§ Exercise directions
Leave out the pictures and repeat the entries below verbatim.

========

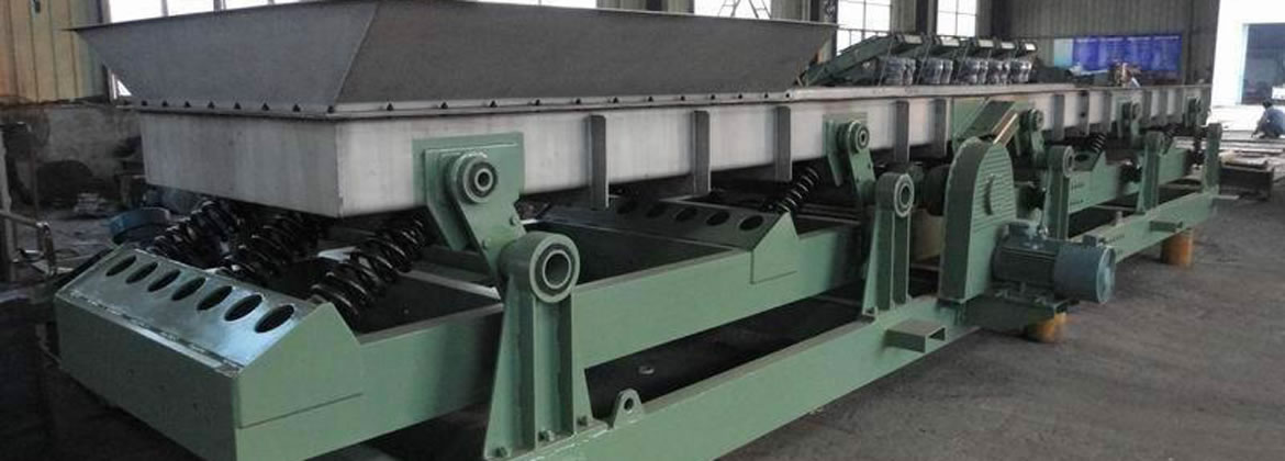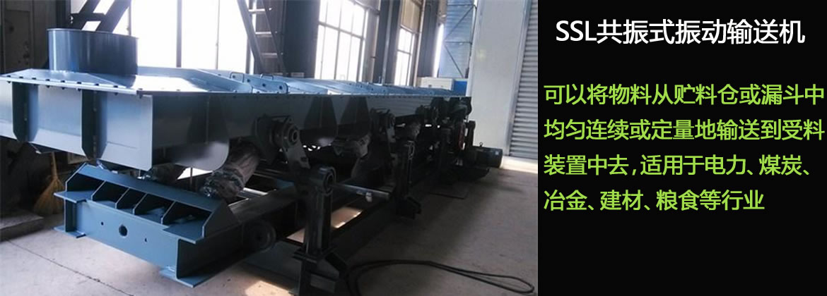SSL共振式振動(dòng)輸送機(jī)是利用激振器使料槽振動(dòng),從而使槽內(nèi)物料沿一定方向滑行或拋移的連續(xù)輸送機(jī)械。激振器在電機(jī)驅(qū)動(dòng)下產(chǎn)生周期性振動(dòng)力,通過(guò)傳動(dòng)機(jī)構(gòu)傳遞到輸送槽,輸送槽在激振源的帶動(dòng)下按激振源相同的振動(dòng)頻率產(chǎn)生周期性線性振動(dòng),同時(shí)振動(dòng)力方向與輸送槽體輸送方向呈一定的拋料角,槽內(nèi)物料在強(qiáng)迫振動(dòng)力的作用下沿槽體輸送面連續(xù)跳躍向前移動(dòng)。除激振機(jī)構(gòu)某些零部件外,相對(duì)轉(zhuǎn)動(dòng)部件很少。物料在振動(dòng)輸送機(jī)中呈現(xiàn)拋射狀態(tài)輸送,對(duì)輸送槽的磨損較小。
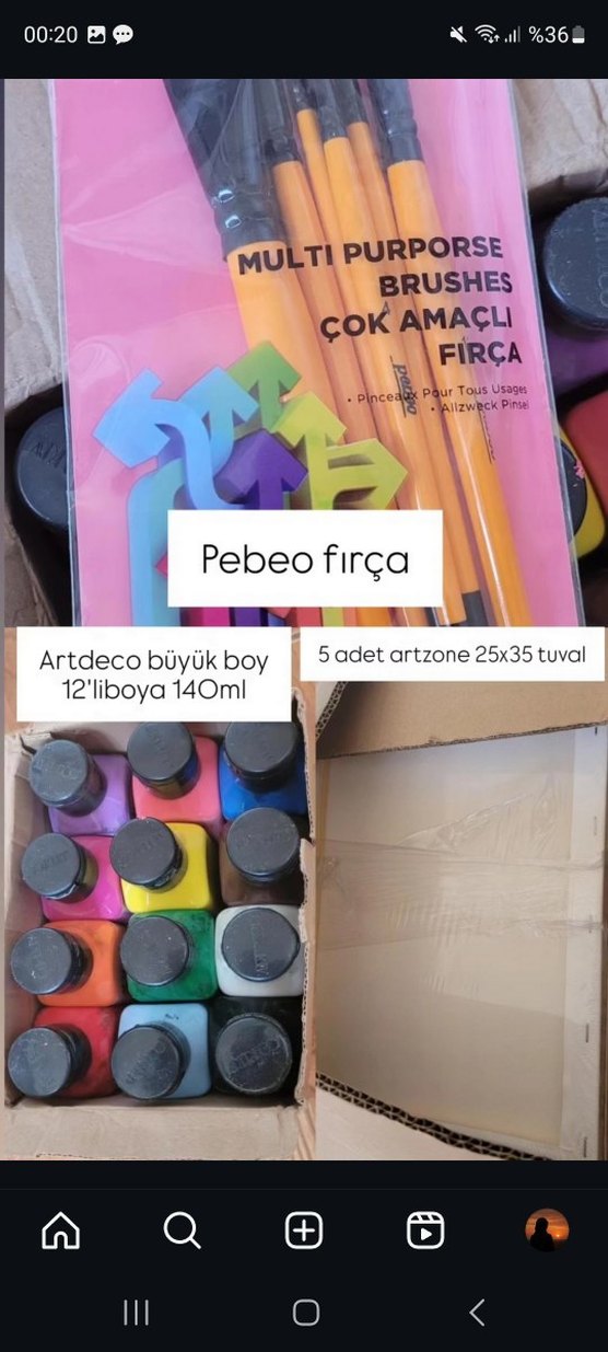 Pebeo çok amaçlı fırçalar, Artdeco büyük boy 12 renk 140ml boya ve 25x35 cm 5 adet Artzone tuval içerir. İNDİRİM OLURRR
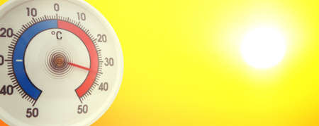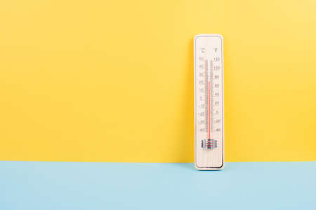Thermometer on a yellow and blue colored background, measure the temperature, weather forecast, global warming and environment discussion, summer season
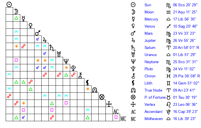 Moon | 21 Aquarius 11 | 6 Libra 9 | 10 Pisces 12 |
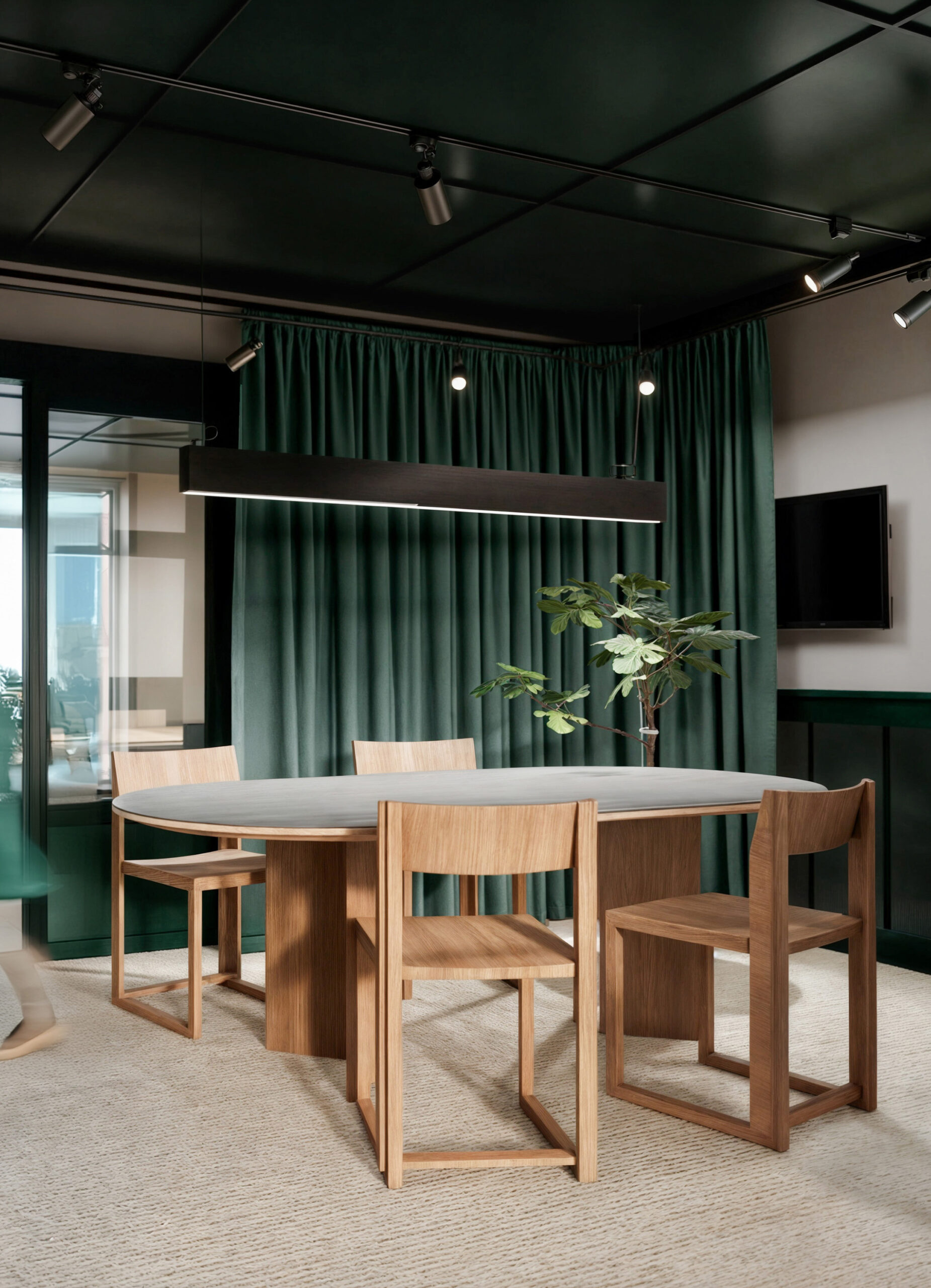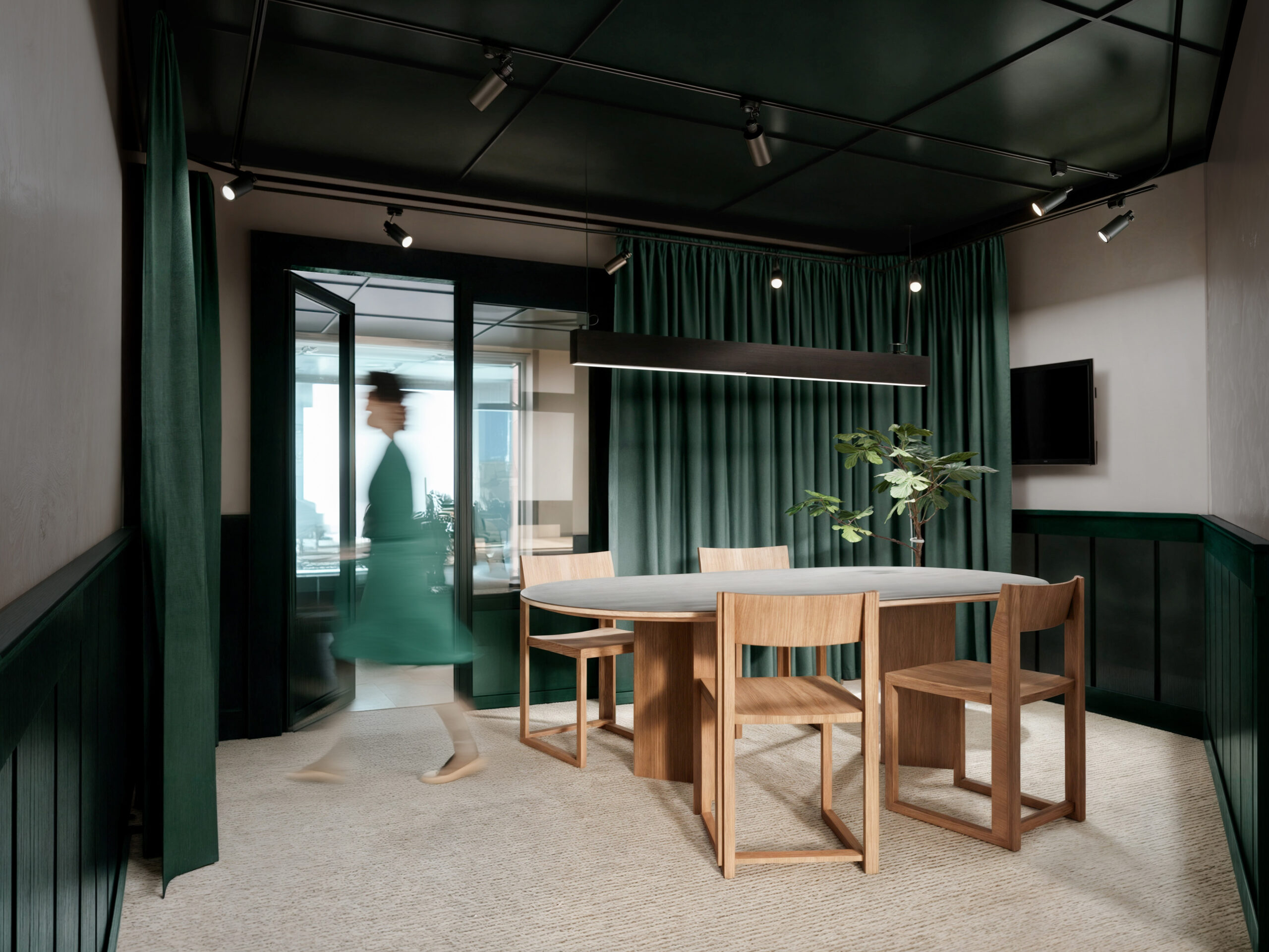 Farvepaletten er baseret på en dyb grøn tone, der harmonerer med detaljer i rød kontrast og det lyse, luftige udtryk, som forbindes med Skagen. Vi skabte en række forskellige zoner i indretningen ved hjælp af tekstiler og gardiner i varierende farver og strukturer, der fungerer som overgange mellem private og semioffentlige områder. Disse materialer bidrager både til akustikken og skaber en hjemlig atmosfære.
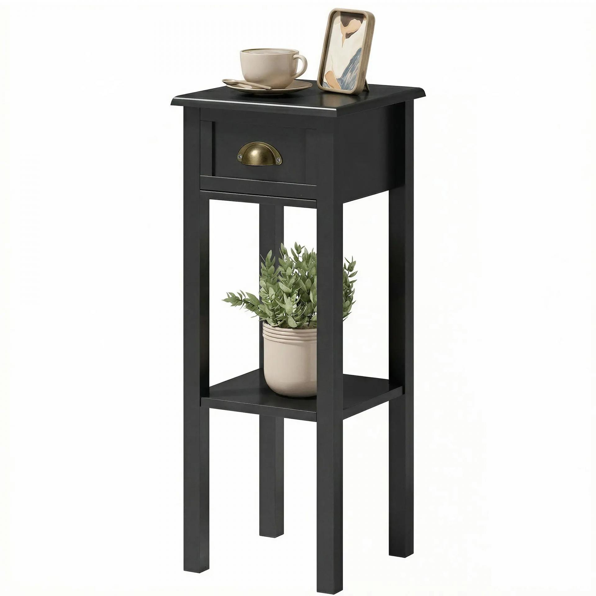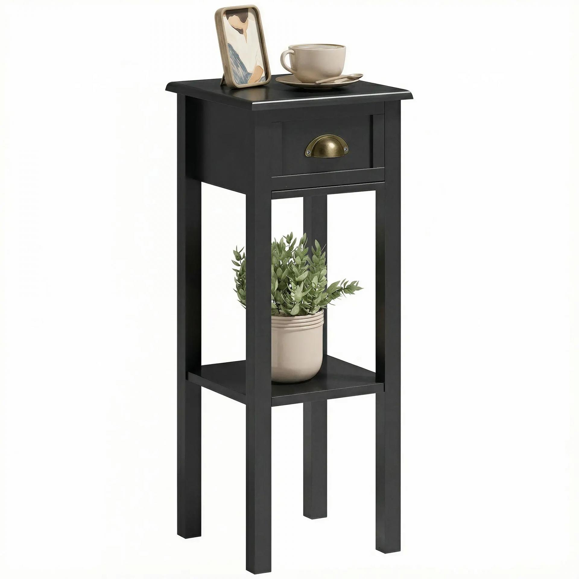 Mesa Auxiliar Estilo Moderno Mesita Auxiliar con Cajón y Estante de Almacenamiento 30x30x75 cm Negro
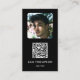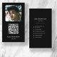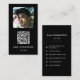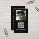 Um cartão de visita minimalista negro personalizado para quem quiser colocar uma fotografia na frente da cartão de visita. Uma maneira simples e profissional de apresentar sua presença empresarial, empresarial ou corporativa. Personalize a parte frontal do cartão de visita com sua foto e adicione código QR e detalhes no verso. Crie seu cartão de visita único e elegante. Ícones das mídias sociais incluídos na design deste cartão de visita para você usar.
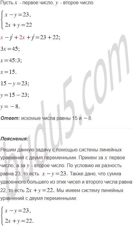 Найдите два числа, если их разность равна 23, а сумма удвоенного большего из этих чисел и второго числа равна 22.
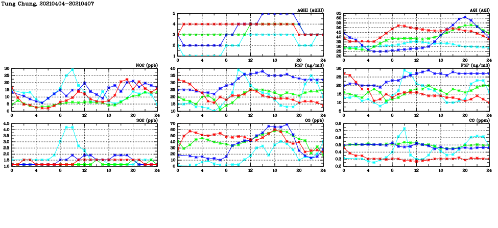 | Air Quality Data Time Series in Tung Chung (2021/04/07) | ( Line colors: Day -3 Day -2 Day -1 Current day ) | 2D Map Current AQHI |
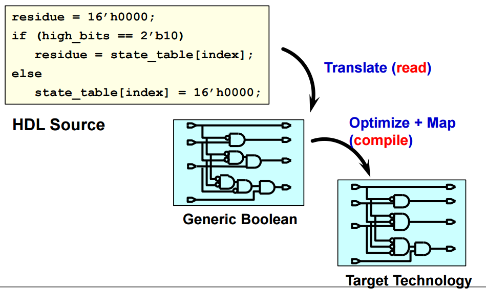 Synthesis는 Verilog로 쓰인 HDL source를 Translate하여 Gate level로 바꾸어준다.(Generic Boolean...일반화?)
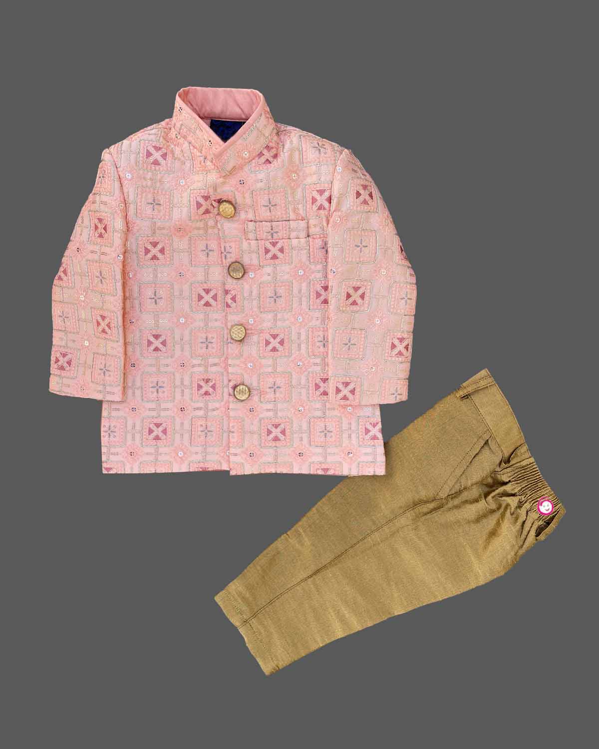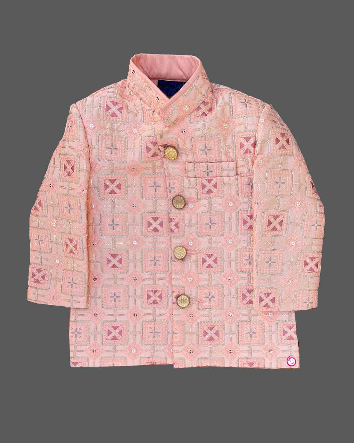 Boys diamond printed with sherwani set - Peach
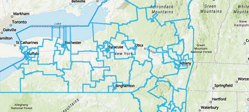 州參眾兩院均由民主黨掌控,由州立法院特別工作組起草的地圖將民主黨利益擴展到最大,特別是國會議員選區地圖的劃法使民主黨可能在下次選舉中奪回三個目前由共和黨議員代表的選區。共和黨以違憲為由提起訴訟,意在推翻重劃地圖。斯特本郡( Steuben County) 法官麥卡利斯特(Patrick McAllister)宣布地圖草案無效後,任命了一名特別專家來起草新的國會和州參議院選區地圖。而眾議院的地圖也在另一場訴訟中被駁回。法院最終裁定,今年的選舉將使用這份地圖,但需要在2024年的選舉前進行修改。今年9月,曼哈頓最高法院裁定獨立選區重劃委員會須在2023年4月之前提交新的地圖。
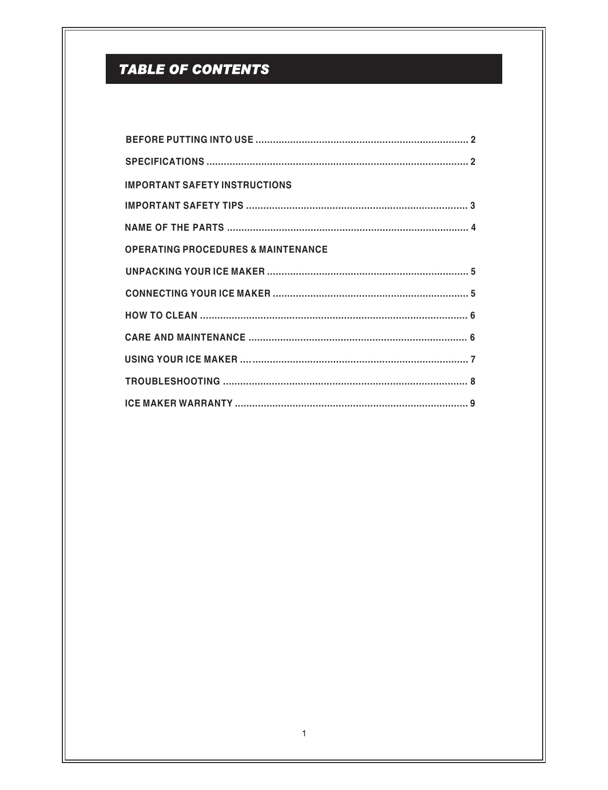 UNPACKING YOUR ICE MAKER ...................................................................... 5
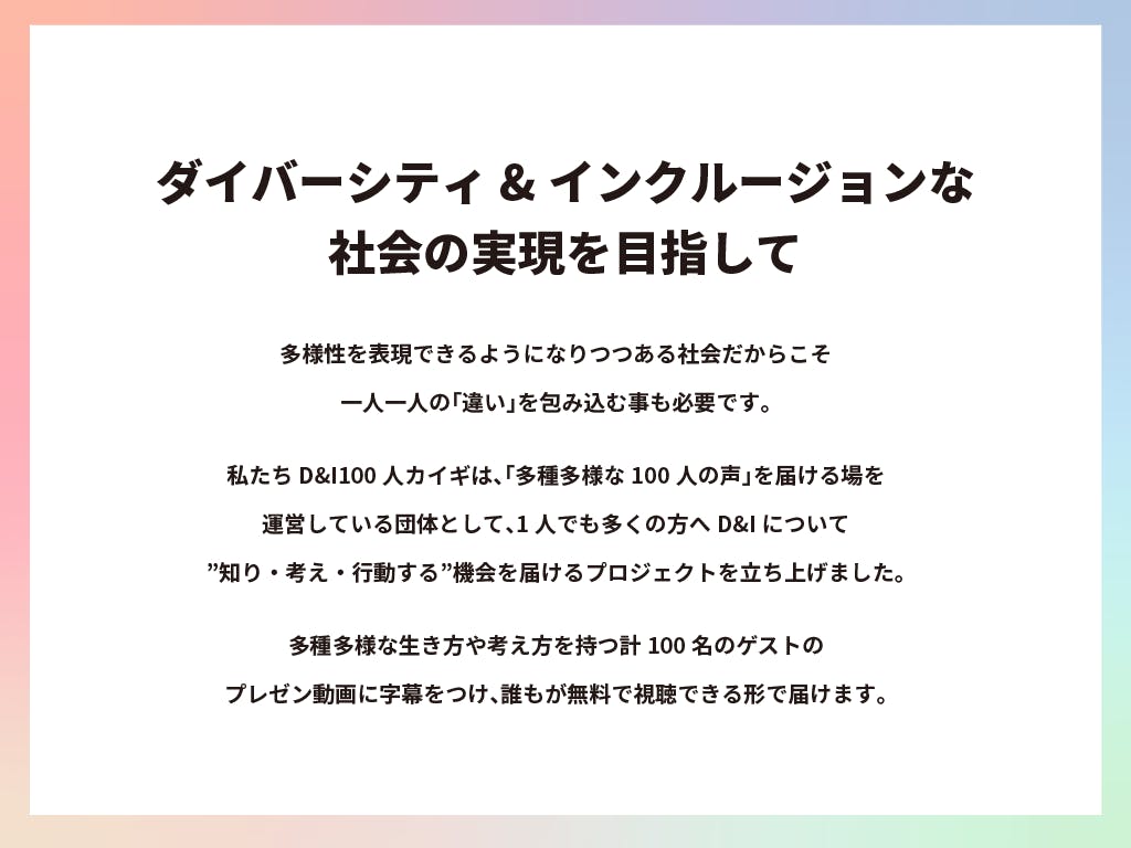 多様性が広まりつつある一方、理解のない言葉や無意識の偏見から「生きづらさ」を抱えている人も存在しています。私たちは「多様な100人の声」を届けることによって、D&Iの考え方や自分の無意識バイアスについて知るきっかけをつくり、誰一人取り残さないダイバーシティ&インクルージョンな社会の実現を目指します!

========

§ Response
SSL共振式振動(dòng)輸送機(jī)是利用激振器使料槽振動(dòng),從而使槽內(nèi)物料沿一定方向滑行或拋移的連續(xù)輸送機(jī)械。激振器在電機(jī)驅(qū)動(dòng)下產(chǎn)生周期性振動(dòng)力,通過(guò)傳動(dòng)機(jī)構(gòu)傳遞到輸送槽,輸送槽在激振源的帶動(dòng)下按激振源相同的振動(dòng)頻率產(chǎn)生周期性線性振動(dòng),同時(shí)振動(dòng)力方向與輸送槽體輸送方向呈一定的拋料角,槽內(nèi)物料在強(qiáng)迫振動(dòng)力的作用下沿槽體輸送面連續(xù)跳躍向前移動(dòng)。除激振機(jī)構(gòu)某些零部件外,相對(duì)轉(zhuǎn)動(dòng)部件很少。物料在振動(dòng)輸送機(jī)中呈現(xiàn)拋射狀態(tài)輸送,對(duì)輸送槽的磨損較小。
 Pebeo çok amaçlı fırçalar, Artdeco büyük boy 12 renk 140ml boya ve 25x35 cm 5 adet Artzone tuval içerir. İNDİRİM OLURRR
Thermometer on a yellow and blue colored background, measure the temperature, weather forecast, global warming and environment discussion, summer season
 Moon | 21 Aquarius 11 | 6 Libra 9 | 10 Pisces 12 |
 Farvepaletten er baseret på en dyb grøn tone, der harmonerer med detaljer i rød kontrast og det lyse, luftige udtryk, som forbindes med Skagen. Vi skabte en række forskellige zoner i indretningen ved hjælp af tekstiler og gardiner i varierende farver og strukturer, der fungerer som overgange mellem private og semioffentlige områder. Disse materialer bidrager både til akustikken og skaber en hjemlig atmosfære.
 Mesa Auxiliar Estilo Moderno Mesita Auxiliar con Cajón y Estante de Almacenamiento 30x30x75 cm Negro
 Um cartão de visita minimalista negro personalizado para quem quiser colocar uma fotografia na frente da cartão de visita. Uma maneira simples e profissional de apresentar sua presença empresarial, empresarial ou corporativa. Personalize a parte frontal do cartão de visita com sua foto e adicione código QR e detalhes no verso. Crie seu cartão de visita único e elegante. Ícones das mídias sociais incluídos na design deste cartão de visita para você usar.
 Найдите два числа, если их разность равна 23, а сумма удвоенного большего из этих чисел и второго числа равна 22.
 | Air Quality Data Time Series in Tung Chung (2021/04/07) | ( Line colors: Day -3 Day -2 Day -1 Current day ) | 2D Map Current AQHI |
 Synthesis는 Verilog로 쓰인 HDL source를 Translate하여 Gate level로 바꾸어준다.(Generic Boolean...일반화?)
 Boys diamond printed with sherwani set - Peach
 州參眾兩院均由民主黨掌控,由州立法院特別工作組起草的地圖將民主黨利益擴展到最大,特別是國會議員選區地圖的劃法使民主黨可能在下次選舉中奪回三個目前由共和黨議員代表的選區。共和黨以違憲為由提起訴訟,意在推翻重劃地圖。斯特本郡( Steuben County) 法官麥卡利斯特(Patrick McAllister)宣布地圖草案無效後,任命了一名特別專家來起草新的國會和州參議院選區地圖。而眾議院的地圖也在另一場訴訟中被駁回。法院最終裁定,今年的選舉將使用這份地圖,但需要在2024年的選舉前進行修改。今年9月,曼哈頓最高法院裁定獨立選區重劃委員會須在2023年4月之前提交新的地圖。
 UNPACKING YOUR ICE MAKER ...................................................................... 5
 多様性が広まりつつある一方、理解のない言葉や無意識の偏見から「生きづらさ」を抱えている人も存在しています。私たちは「多様な100人の声」を届けることによって、D&Iの考え方や自分の無意識バイアスについて知るきっかけをつくり、誰一人取り残さないダイバーシティ&インクルージョンな社会の実現を目指します!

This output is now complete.